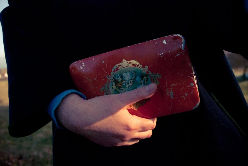 Hela tiden med plåtasken under armen.
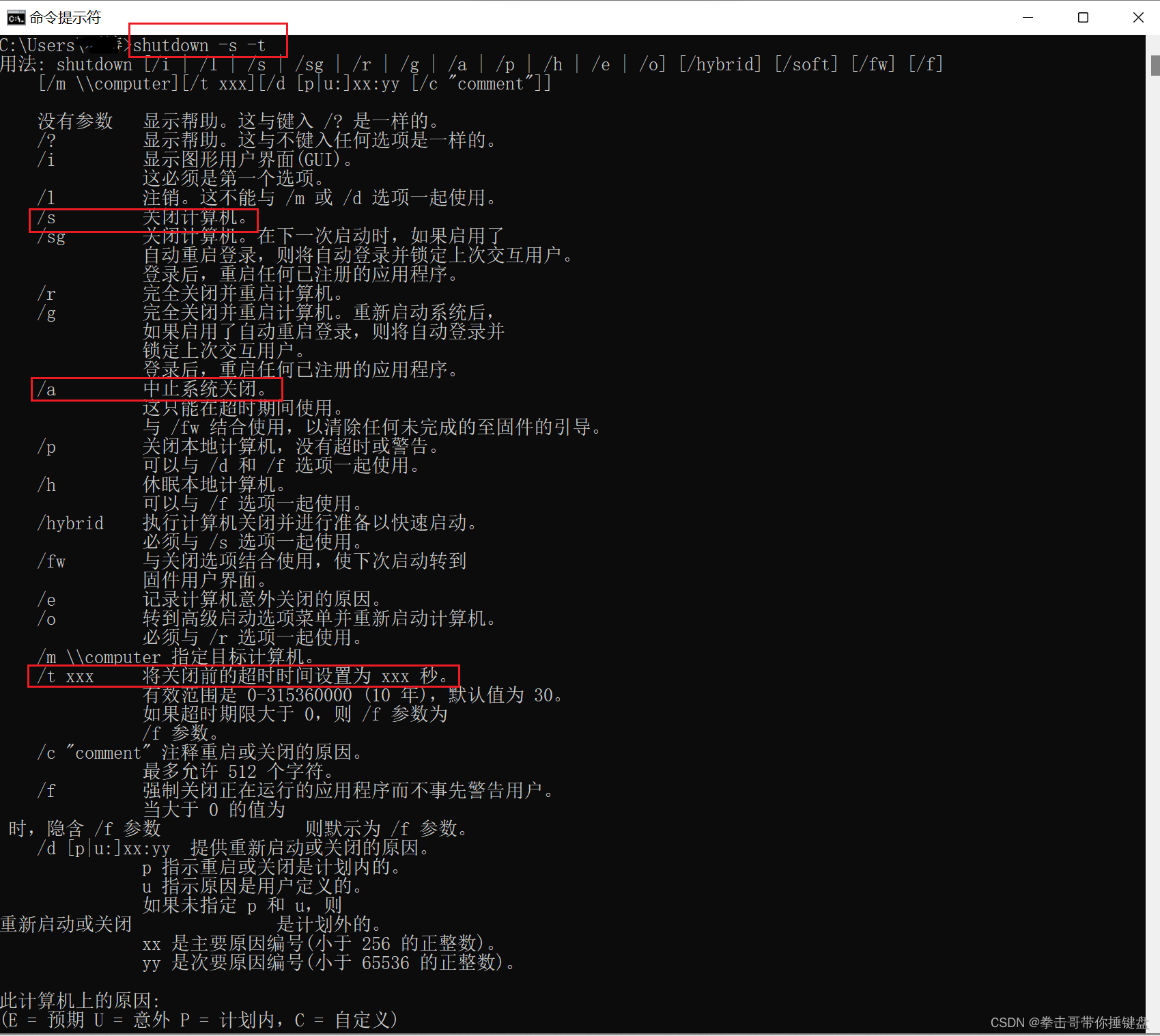 您也可以通过win键+R,弹窗口后输入cmd打开命令提示符。输入shutdown /s /t+回车打开shutdown的用法界面然后输入shutdown /s /t 60 +回车就开启了关机倒计时60秒,再输入shutdown /a +回车您就取消了关机程序。
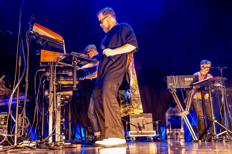 Before long, John returns, albeit via one last costume change, now wearing a blue surplice, for a two-song encore that ends the evening on a high. First, we have the penultimate track from ‘The Art Of The Lie’, entitled ‘Laura Lou’, which sees John standing solely at a synthesizer, employing some warm vocoded vocals, in a spacious yet chilling atmosphere. John gives us one last goodbye before heading into the best song of the night, and my favourite John Grant song as a whole, ‘GMF’ (which stands for Greatest Motherf**ker). This track is one of the best examples of self-analysis, love and acceptance with the lyric “Don’t forget, you could be laughing 65% more of the time” echoing through the Brighton Dome, whilst the LEDs on the synthesizer handled by the band throughout the night spelling out “GMF” in big, bright red lettering. As the final notes of the song drew the show to a close, the crowd began to dissipate, waving goodbye to their beloved synthpop troubadour.
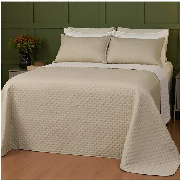 Cobreleito / Colcha Comfy Dupla Face Microfibra Bege com Palha Queen 3pç - Lavive
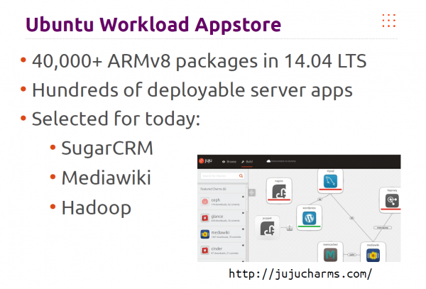 Ubuntu LTS 14.04 werd werkend gedemonstreerd op een cluster van de eerder genoemde AMCC X-Gene development borden. Via de Juju-software toonde Canonical onder meer SugarCRM (Apache/PHP/MySQL), MediaWiki en Hadoop workloads draaiend op ARM-hardware.
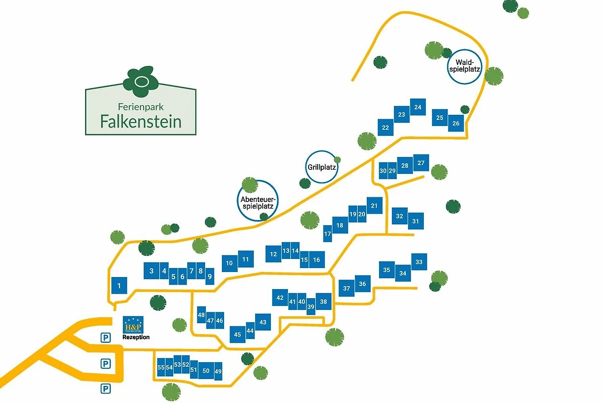 In unserer am Waldrand gelegenen und parkartig gestalteten Ferienanlage finden Sie kindgerecht und gemütlich eingerichtete Ferienhäuser und Ferienwohnungen für bis zu 8 Personen. Durch viele attraktive Freizeitangebote im Park und in der Umgebung ist der Ferienpark Falkenstein ein perfektes Urlaubsziel für Familien. In der autofreien Anlage können sich unsere kleinen Gäste nach Herzenslust auf dem Waldspielplatz oder an den Tischtennisplatten austoben.
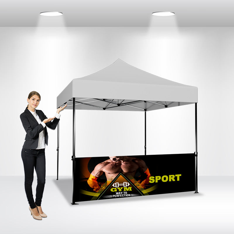 Pair your half wall with a custom-printed canopy and full walls for a complete branded tent solution that gets noticed.
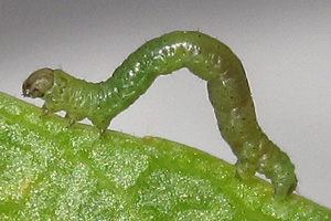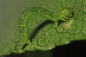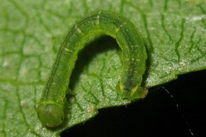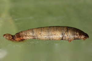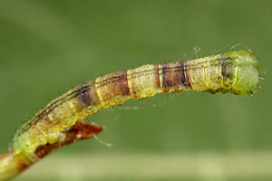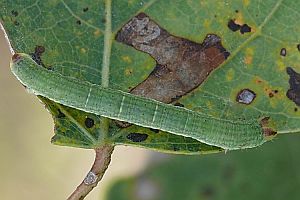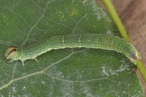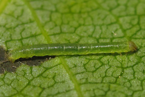 1: frühes Stadium (5 mm), Deutschland, Niedersachsen, Region Hannover, zwischen Sehnde und Köthenwald, altes Kippengelände, 65 m, Raupe an Pappel (Populus spec.), 11. Juni 2017 (det. & Studiofoto: Tina Schulz)
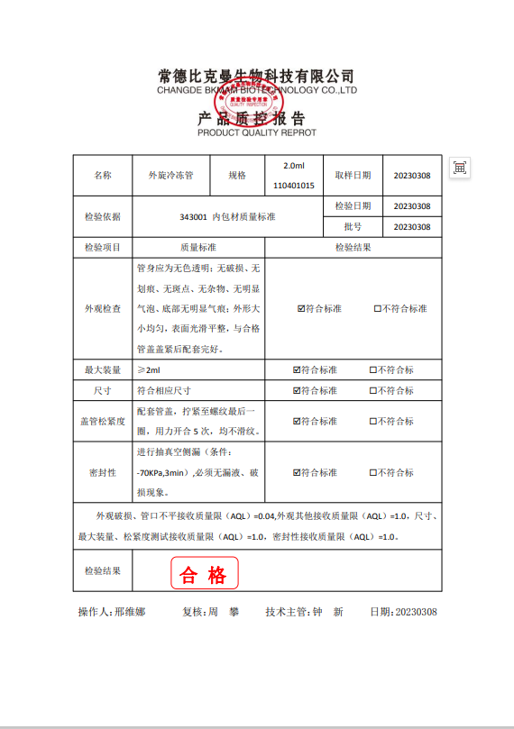 110401015 比克曼生物 外旋冷凍管 (凍存管) 2.0ml 100個袋 20230308

------------------------------------------------------------------------

● What to produce: Starting at the line above that holds "Cobreleito / Colcha", return each line up to and including the one that holds "Pair your half", exactly as written, minus any pictures.

● Answer to the exercise:
 Cobreleito / Colcha Comfy Dupla Face Microfibra Bege com Palha Queen 3pç - Lavive
 Ubuntu LTS 14.04 werd werkend gedemonstreerd op een cluster van de eerder genoemde AMCC X-Gene development borden. Via de Juju-software toonde Canonical onder meer SugarCRM (Apache/PHP/MySQL), MediaWiki en Hadoop workloads draaiend op ARM-hardware.
 In unserer am Waldrand gelegenen und parkartig gestalteten Ferienanlage finden Sie kindgerecht und gemütlich eingerichtete Ferienhäuser und Ferienwohnungen für bis zu 8 Personen. Durch viele attraktive Freizeitangebote im Park und in der Umgebung ist der Ferienpark Falkenstein ein perfektes Urlaubsziel für Familien. In der autofreien Anlage können sich unsere kleinen Gäste nach Herzenslust auf dem Waldspielplatz oder an den Tischtennisplatten austoben.
 Pair your half wall with a custom-printed canopy and full walls for a complete branded tent solution that gets noticed.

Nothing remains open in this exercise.